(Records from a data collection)

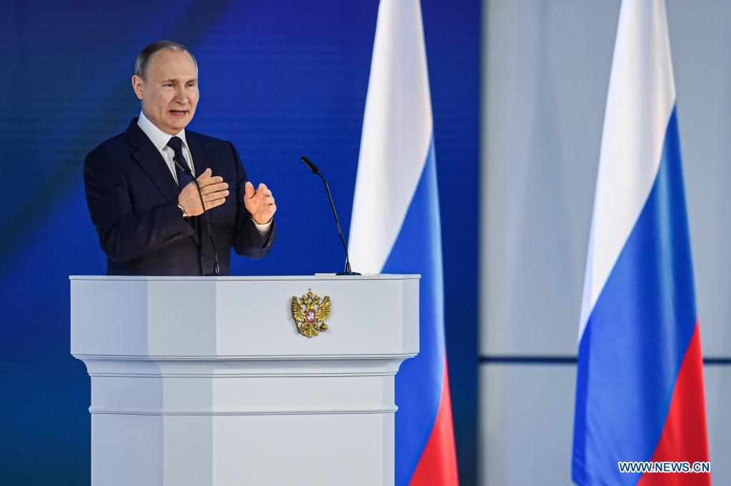Russian President Vladimir Putin delivers his annual address to the Federal Assembly in Moscow, Russia, April 21, 2021. (Photo by Evgeny Sinitsyn/Xinhua)
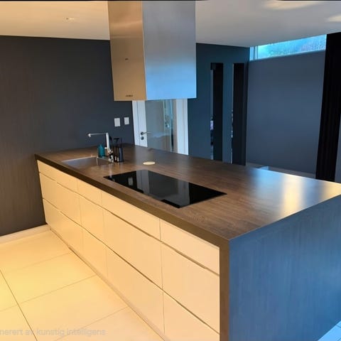 Selve strai møbelet er i god stand. Benkeplate er i hvit typ corian isj med en del småriper som nok kan poleres bort.
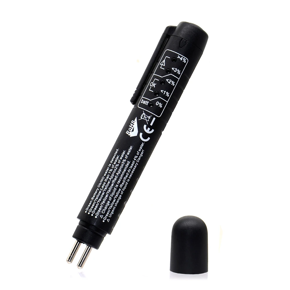 Ручка обнаружения тормозной жидкости основана на изменении проводимости для определения влажности тормозной жидкости. Он четко показывает степень влажности, содержащую светильник-излучающий диод, высокое содержание влаги приведет к более низкой температуре кипения, влияет на эффективность торможения. Красный цвет означает, что Тормозная жидкость нуждается в немедленном замене, зеленый цвет представляет хорошее состояние, желтый цвет означает, что состояние приемлемо, но вскоре заменяется.
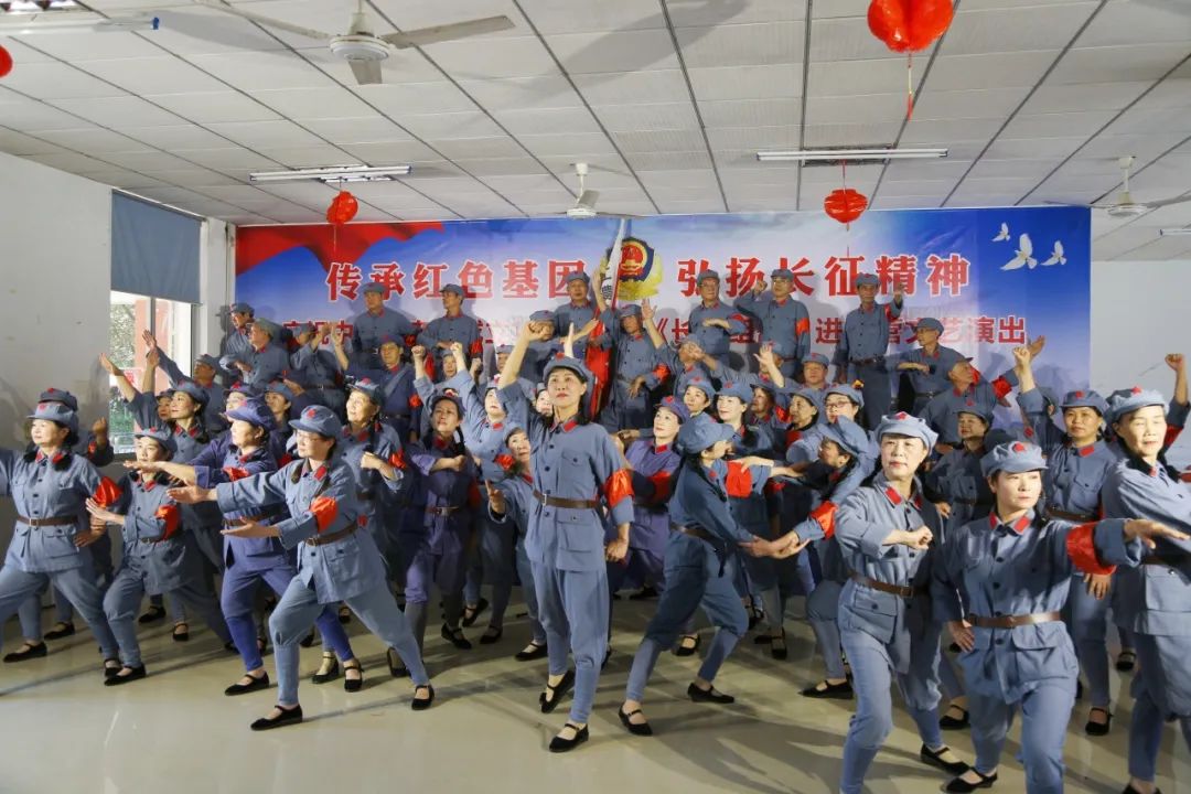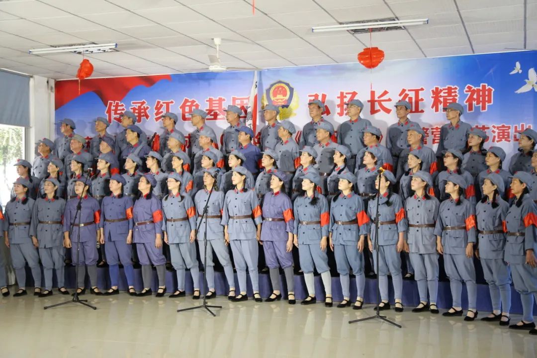 赣州市文化馆虔州合唱艺术团为民警们上演了《告别》《突破封锁线》《过雪山草地》《到吴起镇》《祝捷》《大会师》6首《长征组歌》的经典曲目,再现了长征的传奇历史,演员们充满深情的表演赢得了现场观众阵阵热烈的掌声。
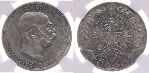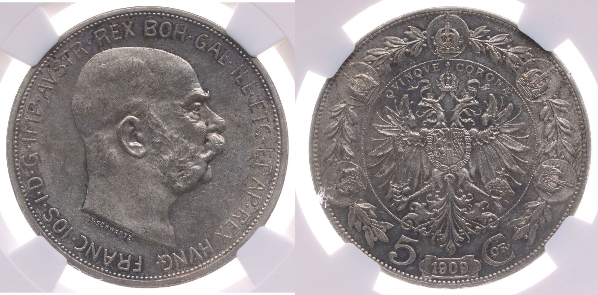 5 Koruna 1909 b.zn. Schwartz, znač. NGC: MS60

EXERCISE REQUIREMENTS
Transcribe exactly, and only, the lines from the one containing "Ручка обнаружения тормозной" through the last line of the records above, both included; leave out the pictures.

REPLY TO THE EXERCISE
 Ручка обнаружения тормозной жидкости основана на изменении проводимости для определения влажности тормозной жидкости. Он четко показывает степень влажности, содержащую светильник-излучающий диод, высокое содержание влаги приведет к более низкой температуре кипения, влияет на эффективность торможения. Красный цвет означает, что Тормозная жидкость нуждается в немедленном замене, зеленый цвет представляет хорошее состояние, желтый цвет означает, что состояние приемлемо, но вскоре заменяется.
 赣州市文化馆虔州合唱艺术团为民警们上演了《告别》《突破封锁线》《过雪山草地》《到吴起镇》《祝捷》《大会师》6首《长征组歌》的经典曲目,再现了长征的传奇历史,演员们充满深情的表演赢得了现场观众阵阵热烈的掌声。
 5 Koruna 1909 b.zn. Schwartz, znač. NGC: MS60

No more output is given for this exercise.